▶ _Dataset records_
========================
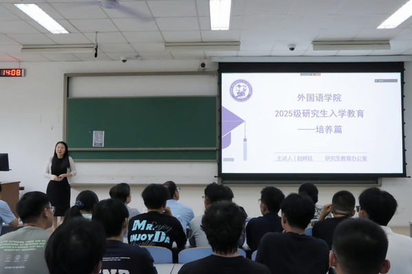 副院长赵婷廷教授针对学科设置及招生情况、研究生培养方案以及培养过程的主要环节等内容,为2025级新生进行了全面且细致的介绍与解读。她特别强调了培养过程中的关键环节和相关要求,期望助力新生们能迅速熟悉研究生各阶段的培养流程与注意事项。赵婷廷副院长还向同学们寄予殷切期望,鼓励大家秉持自信、认真、坚强、宽容的心态,勇敢迎接挑战,以“莫愁千里路,自到有风来”的豁达乐观开启研究生新征程。
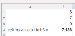 =cellrms("range", B3,B8,C12,D14)=cellrms("list", B3,B8,C14)Calculating the rms value from cell ranges B1 - B3:
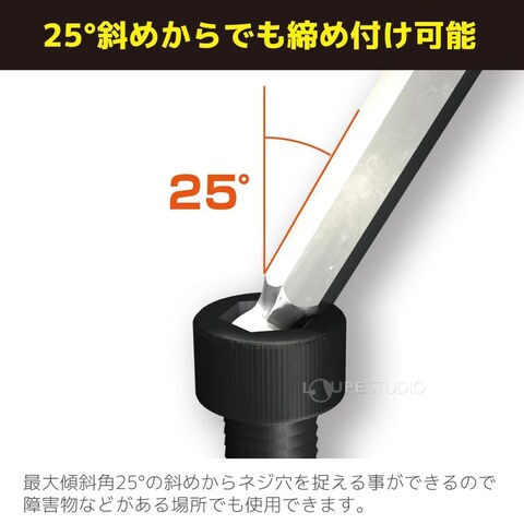 - ボールポイント形状で斜め25°の角度からでも締め付けできます。
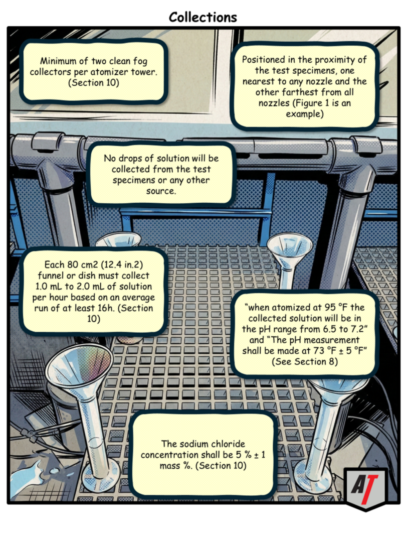 B117 verifies chamber performance using collection funnels placed near the specimens. These collectors confirm that the fog environment remains within the required parameters.
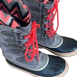 Sorel Joan Of Arctic Knit II Waterproof Rain Snow Winter Boots Gray Pink Size 8.
========================
▶ _ACTION ITEM_
Leave the pictures out, and restate exactly the lines from the start of the records through the one that contains "- ボールポイント形状で斜め25°の角度からでも締め付けできます。".

▶ _WRITTEN SOLUTION_
 副院长赵婷廷教授针对学科设置及招生情况、研究生培养方案以及培养过程的主要环节等内容,为2025级新生进行了全面且细致的介绍与解读。她特别强调了培养过程中的关键环节和相关要求,期望助力新生们能迅速熟悉研究生各阶段的培养流程与注意事项。赵婷廷副院长还向同学们寄予殷切期望,鼓励大家秉持自信、认真、坚强、宽容的心态,勇敢迎接挑战,以“莫愁千里路,自到有风来”的豁达乐观开启研究生新征程。
 =cellrms("range", B3,B8,C12,D14)=cellrms("list", B3,B8,C14)Calculating the rms value from cell ranges B1 - B3:
 - ボールポイント形状で斜め25°の角度からでも締め付けできます。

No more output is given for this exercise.